В самом деле, человек не склонен игнорировать мотивы своего поведения, и подобно тому, как человек, которому под гипнозом было внушено то или иное действие, придумывает потом разумные основания, которые оправдывают его поведение и делают логичным в его собственных глазах и в глазах других людей, оставаясь при этом в неведении относительно истинной причины своего поступка, так и всякий другой человек, который тоже загипнотизирован, ведь жизнь есть сон, ищет разумные основания своего поведения. И если бы у шахматных фигур было сознание, они наверняка стали бы приписывать себе мотивы, то есть целесообразную рациональность, своих передвижений по шахматной доске. Так что всякая философская теория служит объяснением и оправданием определенной этики, определенной доктрины поведения, которая в действительности произрастает из внутреннего нравственного чувства ее автора.
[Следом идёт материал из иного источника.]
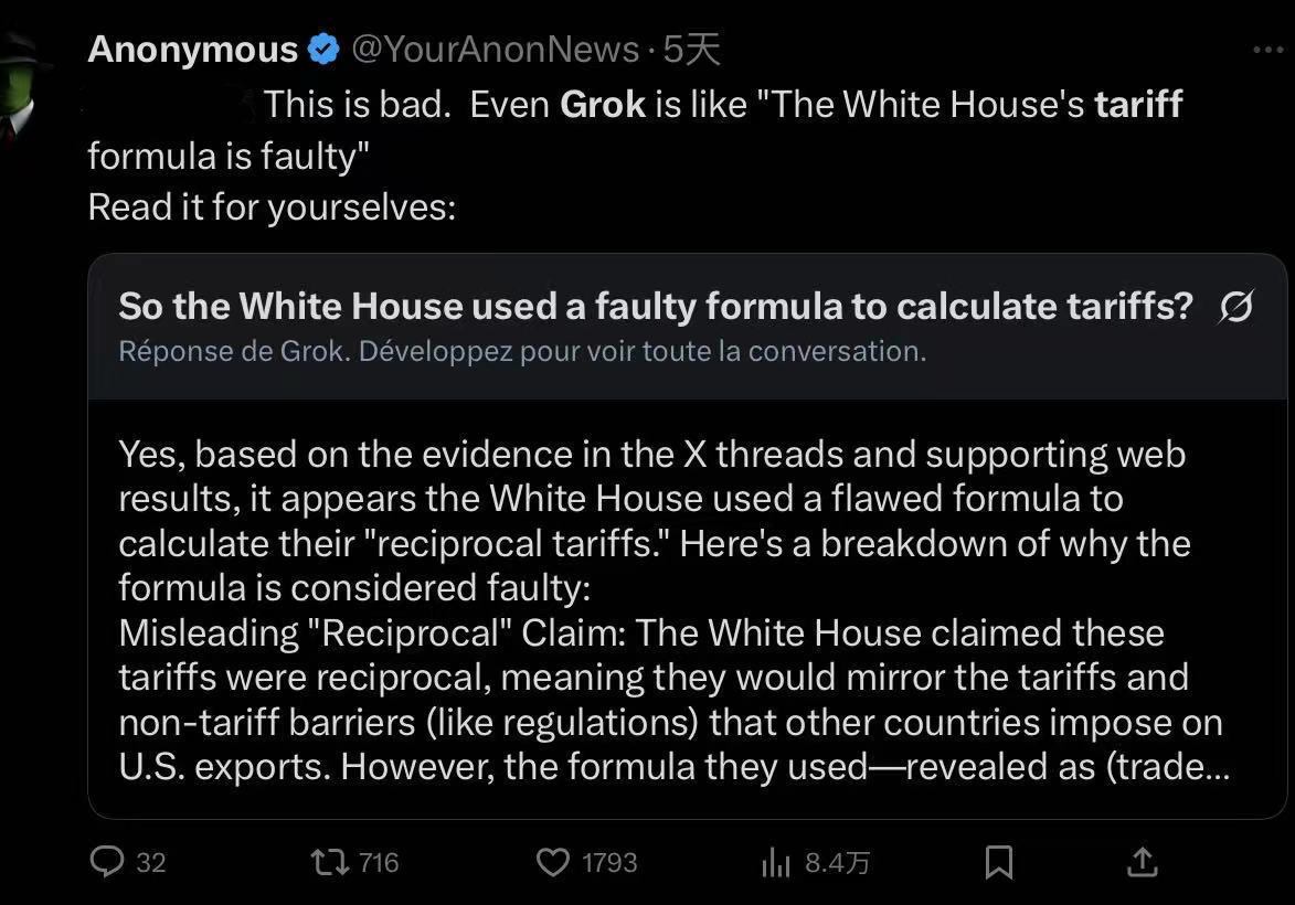 "Even Grok is like the White House's tariff formula is faulty," tweeted YourAnonNews, a social media influencer on X with over 7 million followers.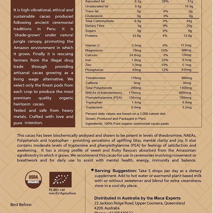 Seleno Health Organic Amaru Ceremonial Cacao Paste Drops is 100% pure, single-origin, raw Criollo cacao directly from the farm in Peru. The easy and convenient way to get your ceremonial cacao. It is third party tested for heavy metals.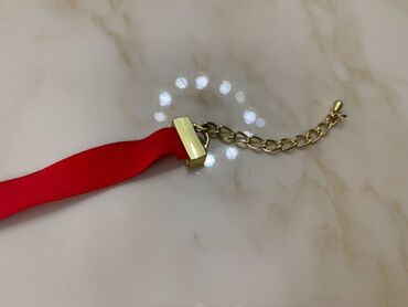 - Material: yumşaq qırmızı parça lent; qızılı rəng metal detallarla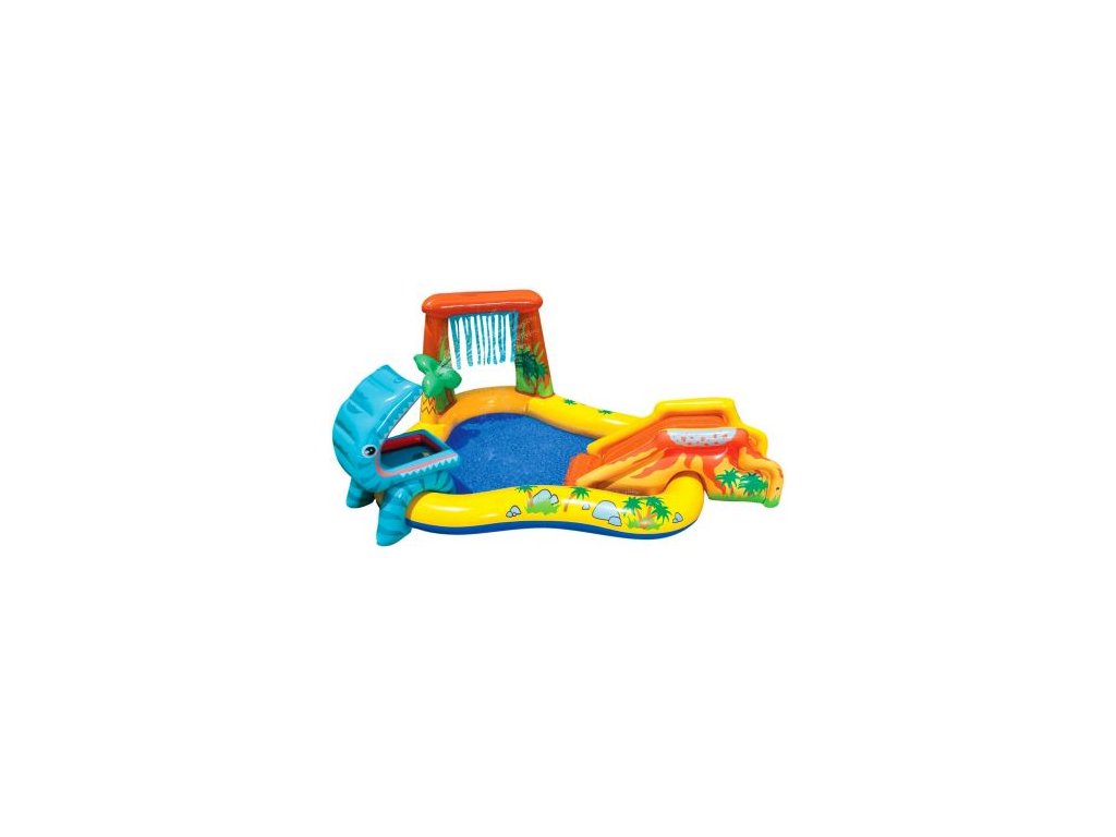 Dinosaurie nafukovacie centrum . Skĺznutie po sopečnej šmykľavke priamo do vodnej džungle? Kŕmenie dinosaura alebo tropický dážď? Originálne a zábavné hracie centrum zavedie vaše deti rovno do raja. Užite si spoločne s nimi zábavu plnú osvieženia.

Но, испытывая это чувство, он может быть и не имеет ясного сознания истинных его оснований, или причин.
Итак, можно предположить, что если мой разум, являющийся в известной степени частью разума моих братьев в человечестве, ограниченной во времени и в пространстве, преподает мне этот абсолютный скептицизм относительно всего того, что касается жажды вечной жизни, то мое чувство жизни, являющееся самой сущностью жизни, моя витальность, моя неутолимая жажда жизни и мое отвращение к смерти, эта моя непокорность смерти, - внушает мне доктрины, с помощью которых я пытаюсь оказывать сопротивление деятельности разума. Имеют ли эти доктрины какое-нибудь объективное значение? - спросите вы меня. И я отвечу, что не понимаю, что это такое - обьективное значение доктрины. Я не стану говорить, что доктрины эти будут более или менее поэтическими и нефилософскими, поскольку я намерен описывать то, что позволяет мне жить; но возьму на себя смелость сказать, что мое страстное желание жить и жить вечно подвигло меня на творчество этих доктрин. И если благодаря им мне удастся подкрепить и поддержать в другом человеке то же самое желание, быть может ослабевающее, я сделаю гуманное дело, а главное, дело моей жизни. Одним словом, все равно, с разумом ли, без разума или вопреки разуму, я не хочу умирать. Если же в конце концов я умру, и если умру совсем, то это не я умру, то есть не я позволю себе умереть, но судьба человеческая убьет меня. Если только я не сойду с ума, не потеряю головы, или вернее не головы, а сердца, я не уйду в отставку из жизни; не я подам в отставку, но меня уволят.
И точно так же ничего не проясняют эти двусмысленные слова «пессимизм» и «оптимизм», которые зачастую говорят нам нечто совершенно противоположное тому, что хотели сказать те, кто их употребляет. Присвоить какой-нибудь доктрине звание пессимистической вовсе не значит доказать ее недействительность, а плодотворная деятельность вовсе не является исключительной принадлежностью так называемых оптимистов. Напротив, я полагаю, что многие, быть может самые великие герои, были людьми отчаявшимися, и именно от отчаяния совершали свои подвиги. И если все-таки принять эти двусмысленные наименования оптимизма и пессимизма, то речь должна идти о подлинном, трансцендентном, пессимизме, порождающем мирской, земной, оптимизм; эту мысль я собираюсь развить в дальнейшем.